Structured output with required concerns

A required concerns, issues or risks field in structured output forces the agent to evaluate critically. An agent that must fill in such a field will weigh up the risks. One without the field will not.

When this backfires

Adding verification gates to every agent definition can fail in four ways.

Over-specified stop conditions. Halting on non-blockers makes agents escalate constantly. Reviewers then dismiss every flag and the conditions become noise.

False-positive pre-task checks. A loose duplicate check blocks real work. An agent told to skip if "a page on this topic exists" stops on tangential matches, so scope the checks precisely.

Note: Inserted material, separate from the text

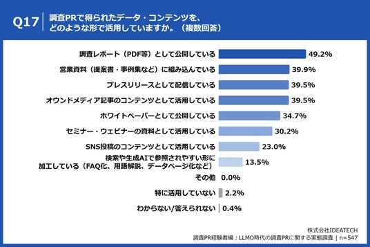「Q17. 調査PRで得られたデータ・コンテンツを、どのような形で活用していますか。(複数回答)」(n=547)と質問したところ、「調査レポート(PDF等)として公開している」が49.2%、「営業資料(提案書・事例集など)に組み込んでいる」が39.9%、「プレスリリースとして配信している」が39.5%という回答となりました。

Validator blindness. In-task validation catches structural errors, not meaning. Semantic errors need a separate reviewer, because an agent cannot reliably catch its own reasoning errors. A separate reviewer closes this gap but adds latency and cost.

Prompt-level ceiling. Verification instructions reduce sycophantic compliance but do not remove it. The bias comes from RLHF training, not prompt scaffolding. To mitigate it you need fine-tuning, decoding strategies and post-deployment controls alongside instructions (Sycophancy in Large Language Models: Causes and Mitigations). Treat prompts as a floor-raiser, not a fix.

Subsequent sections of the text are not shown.